Key county roads
to go back to paved
Six miles of gravel roads that used to be paved, including the east access road to Marion Dam and a continuation leading to Cottonwood Point, will return to asphalt later this year.
County commissioners approved a $1.13 million bid from low bidder APAC of Wichita last week to hard surface:
- Pawnee Rd. from US-56 to Marion Dam, particularly important now that the dam has a six-ton weight limit.
- Pawnee Rd. from 220th to 230th Rd., extending to a Cottonwood Point access road.
- Timber Rd. from 10th to 40th Rd. in the extreme southern part of the county.
- 90th Rd. from K-15 to Chisholm Trail Rd. in the southwestern part of the county.
Commissioners also accepted an $83,360 low bid from APAC for the county’s half of repaving Industrial Rd. / Jade Rd. from 190th Rd. north to Hillsboro Community Hospital at US-56.
Hillsboro is paying for the north half of the project.
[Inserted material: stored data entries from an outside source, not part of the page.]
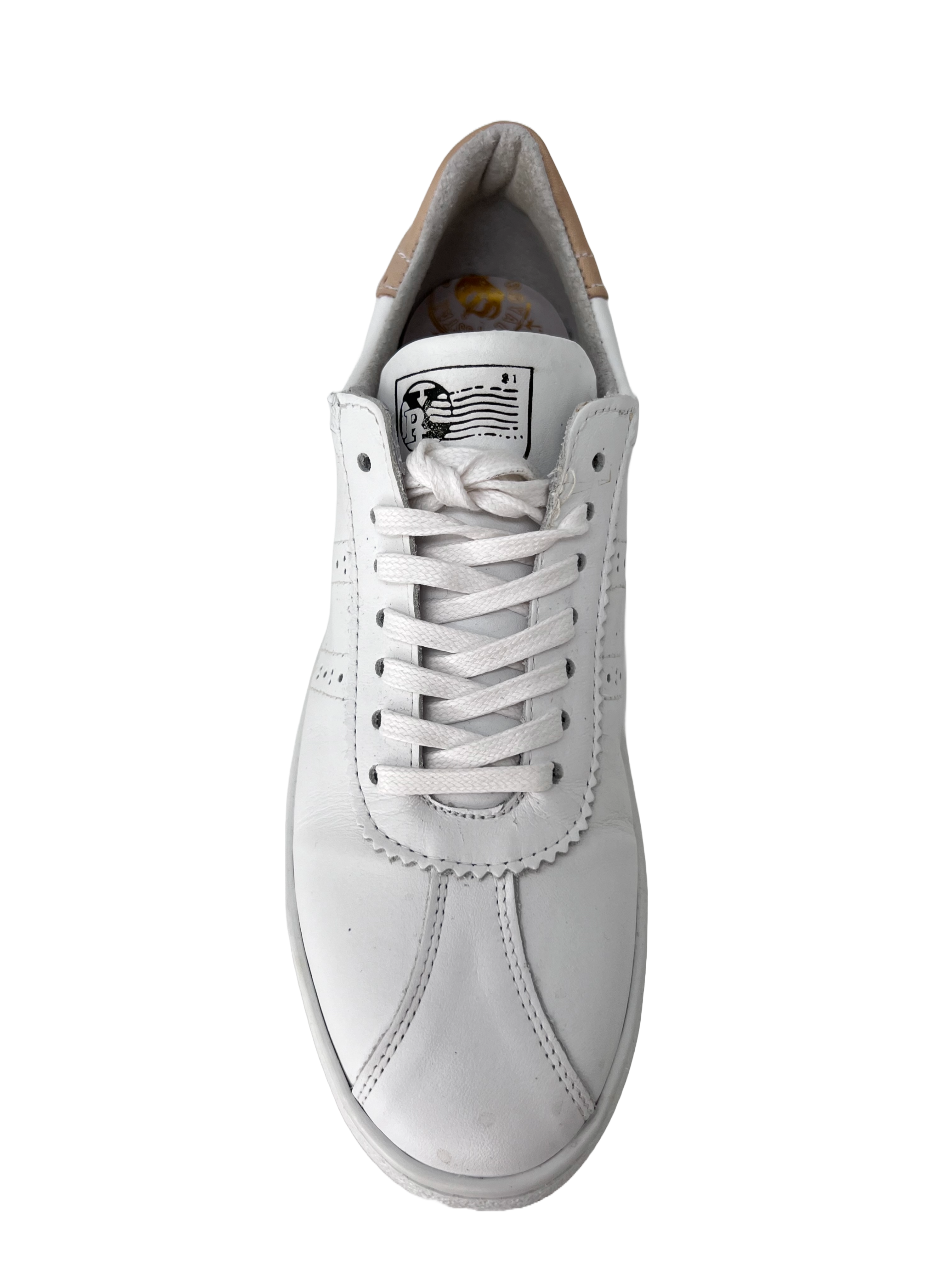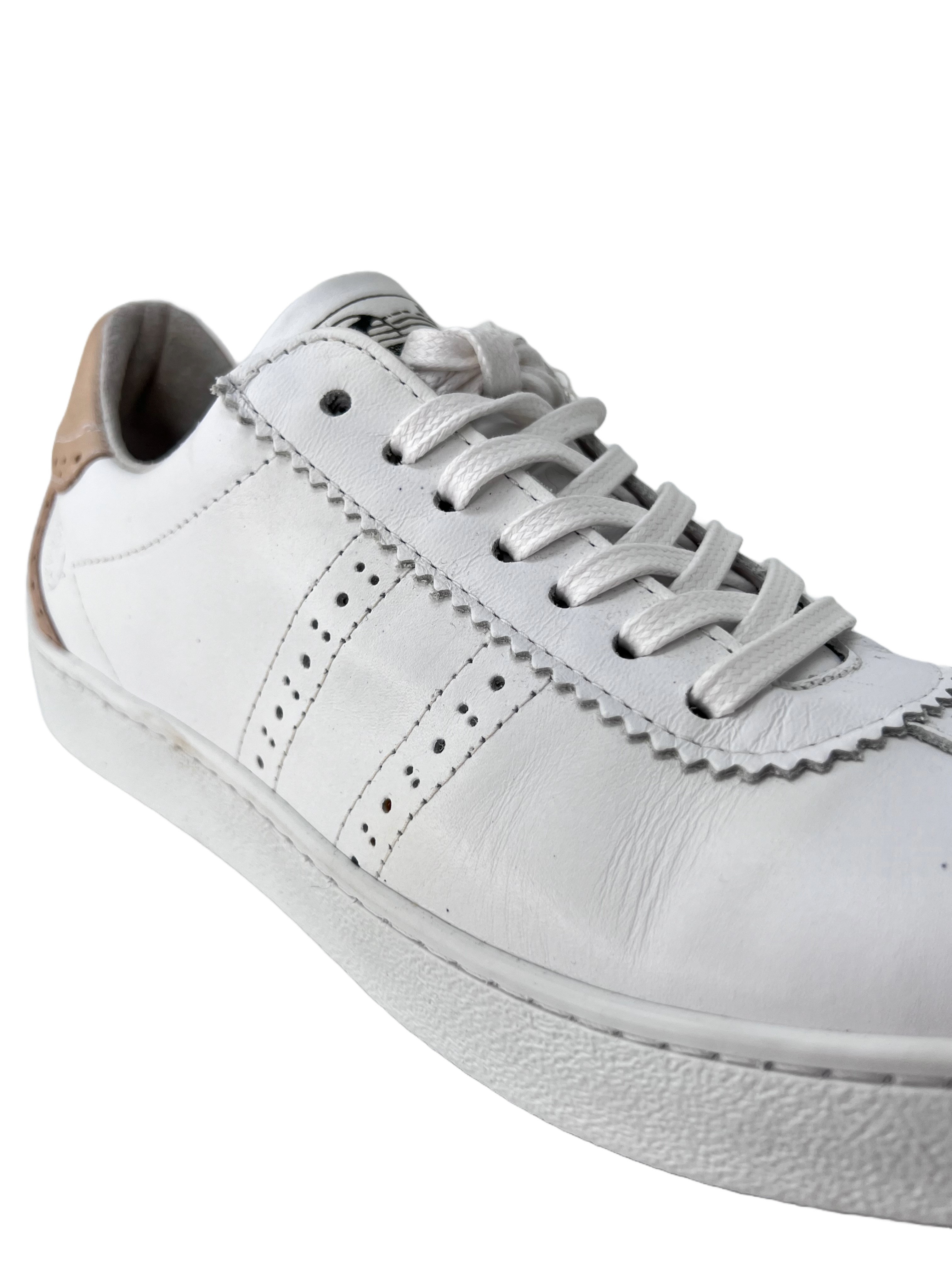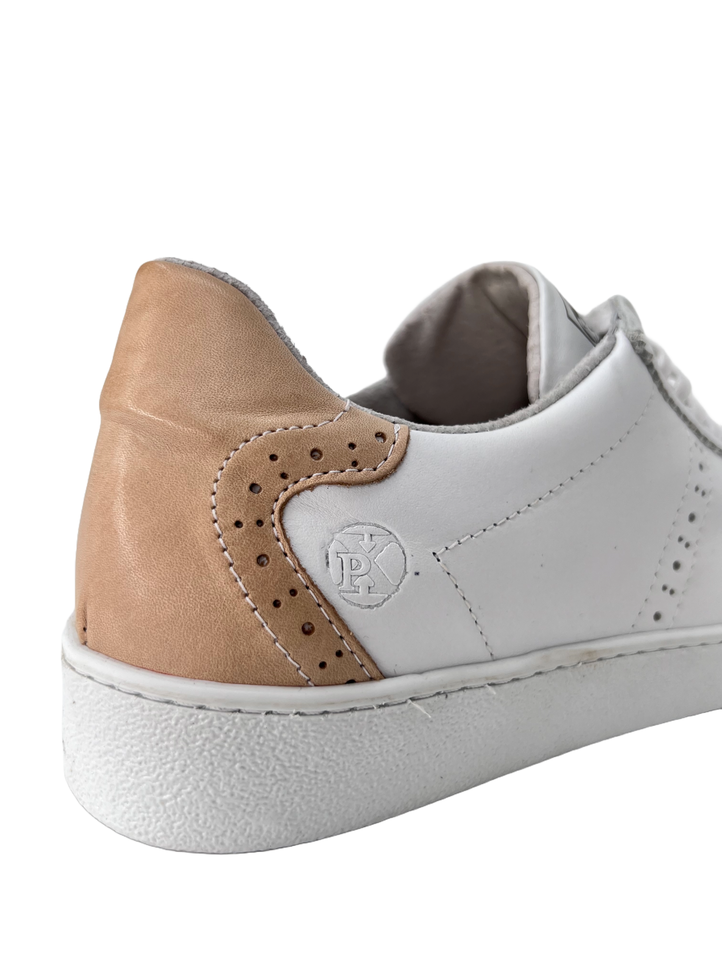Der Micha 40 ist ein Sneaker aus Leder mit Budapester Look. Er ist aus Glatt Leder gefertigt und hat an der Ferse einen congac-farbenen Abschluß. Das wertet ihn noch mal richtig auf.
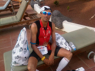 El último día previo a la prueba lo vivimos con calma, mucho relax y tiempo para preparar todo. No podemos decir que nada haya quedado a la improvisación, y seguramente los muchos años de ensayo y error ayudan a ello. Tocamos agua, (cada día que pasa con mejores sensaciones en la, este año, más cálida playa de Puerto del Carmen), pedaleamos una media hora por el recorrido del marathon y terminamos con un trote testimonial. Todo en su sitio.
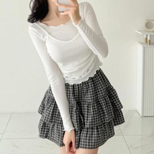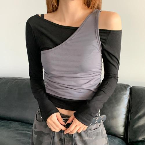 [신상오픈런]여성 레이온 레이어드 나시 물결 셔링 긴팔 티셔츠
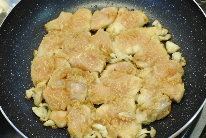 もも肉はそのまま適量の丸大豆しょう油に漬け込んでおきます。時間は10分でも一日でも構いません。漬け込み時間によって異なる仕上がりになりますがどれもおいしいです。漬かったもも肉は皮を下にしてテフロン鍋に入れ広げます。これをフタをせずに弱火で加熱します。鶏油がにじみ出てきて6分目くらいまで火が通ってきたらひっくり返して身側を焼きます。浅いフライパンを使うとなかなか火が通らないことがあるので鍋を使うのがコツです。夏場は火の通りが早いですが真冬は時間がかかるのでアルミホイルで軽くフタをすることもあります。充分に火が通ったら少し火を強くして肉汁を蒸発させ表裏をさっと鶏油にからめます。火を止めて鶏油をよく切ってから皿に移します。
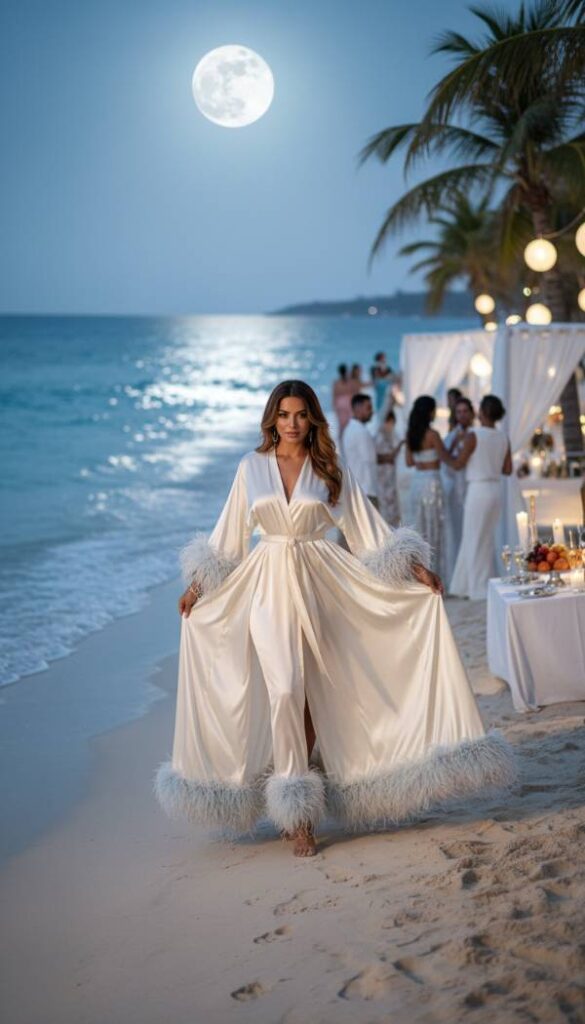 Infuse your evening resort wear with dramatic flair by incorporating a feather trim kimono. This opulent piece, often crafted from silk or a rich satin blend, features delicate feather detailing along the cuffs or hem, adding an unexpected touch of glamour. Its flowing silhouette and luxurious texture make it a magnificent coverup over a slip dress or a sleek swimsuit for a sophisticated evening event. This item is designed for the lady who loves to make an entrance and values extravagant details, ensuring she captivates attention with her unique and high fashion style.
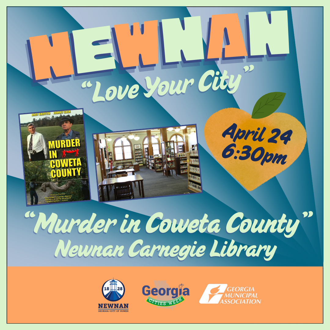 Happy Georgia Cities Week! On April 24, 2026 at 6:30pm at the Newnan Carnegie Library, join the City of Newnan and the Newnan Carnegie Library for a free showing of the 1983 made-for-television film "Murder in Coweta County." Enjoy popcorn at the Carnegie while viewing this classic film.
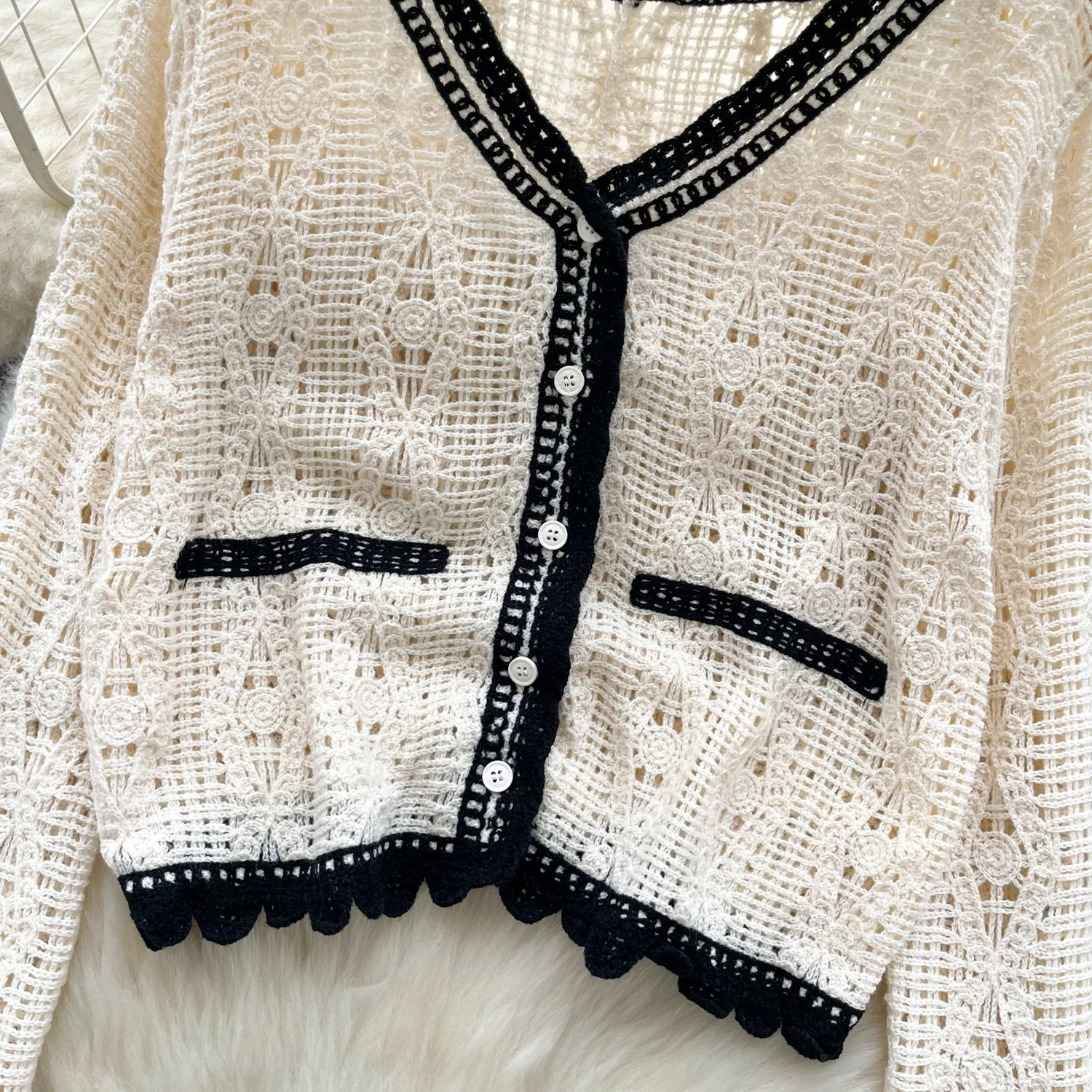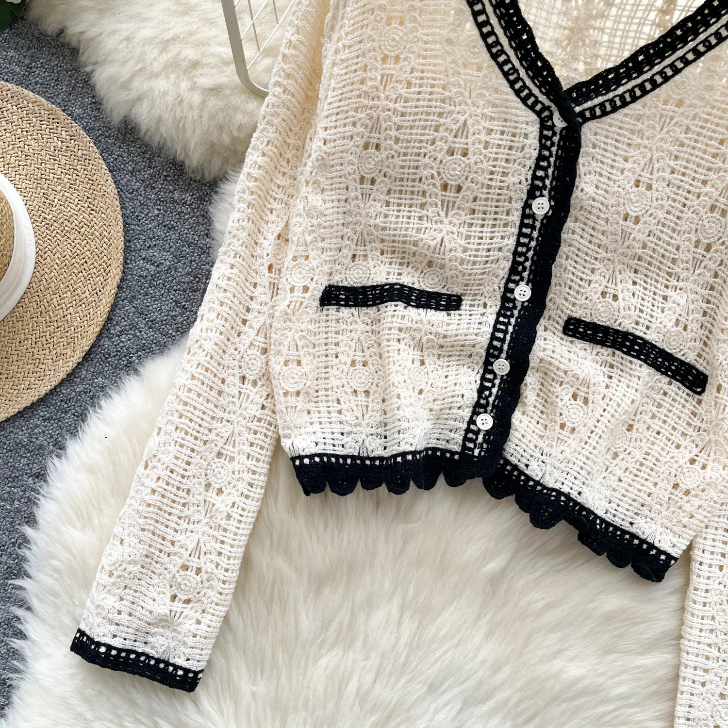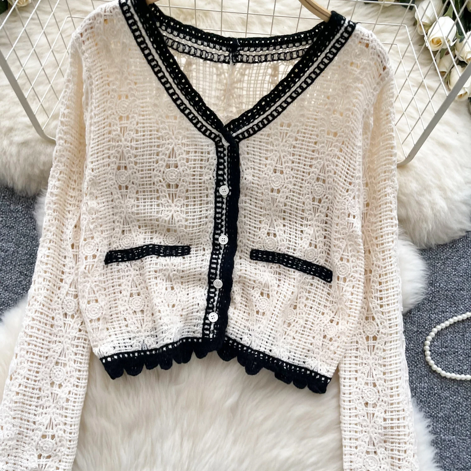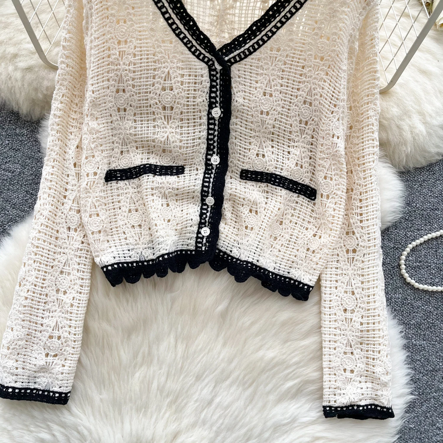 SINGREINY Autumn Color Block Knitting Cardigan Women V Neck Long Sleeve Single Breasted Design Hook Flower Hollow Basics Coat

Unlike the other paving projects, which will be paid out of the county’s capital improvement fund, the county’s share of this project will be paid out of federal money.
Commissioners, who spoke passionately and at length about the need to improve roads for farmers, also approved purchasing two new dump trucks for $95,652.50 apiece from Williams Service of Florence.
From Tractor Parts and Equipment, the county also will purchase a $51,345 bed and plow with a hitch for a pup trailer for one truck and a $52,470 bed and plow with a high-lift gate for the other.
One truck will be purchased outright this year. The other will be bought as a lease-purchase, with county banks invited to bid on the interest rate.
Two old trucks will be sold at auction. Another dump truck purchase is likely next year.
Appraiser’s 39.1% raise
After a series of closed-door sessions, commissioners offered deputy appraiser Brian Frese a 39.1 percent raise to serve as interim appraiser for one month.
His monthly salary will go from the equivalent of $41,664 annually to the equivalent of $57,996 annually.
He will let commissioners know before July 1 whether he will agree to be the permanent replacement for appraiser Ray Cook, who announced his resignation March 20.
Demolition bids flawed
Despite having hired EBH Engineering to ensure the adequacy of bids to demolish the former Florence school, commissioners voted to void a just-concluded bidding process and start over.
A mix-up in paperwork did not make it clear to all bidders that they would have to provide a so-called bid bond, guaranteeing that they would perform the work if their bid were accepted.
Like three of eight others who submitted bids, low bidder Middlecreek Mining of Peabody did not include a bid bond in its $84,000 bid.
Bids ranged as high as $221,000, with two clusters — between $84,000 and $98,000 and around $120,000. EBH’s estimate had been $114,500.
With Middlecreek’s Frank Oursler in attendance, commission chairman Randy Dallke expressed concern that rebidding would allow others to undercut the low bid.
Other commissioners said there was no option but to reopen bidding to all parties. Dallke cast the lone vote against doing so.
EBH’s Darren Neufeld apologized for the mix-up and, on questioning from commissioners, said county counselor Susan Robson had not reviewed the paperwork in advance.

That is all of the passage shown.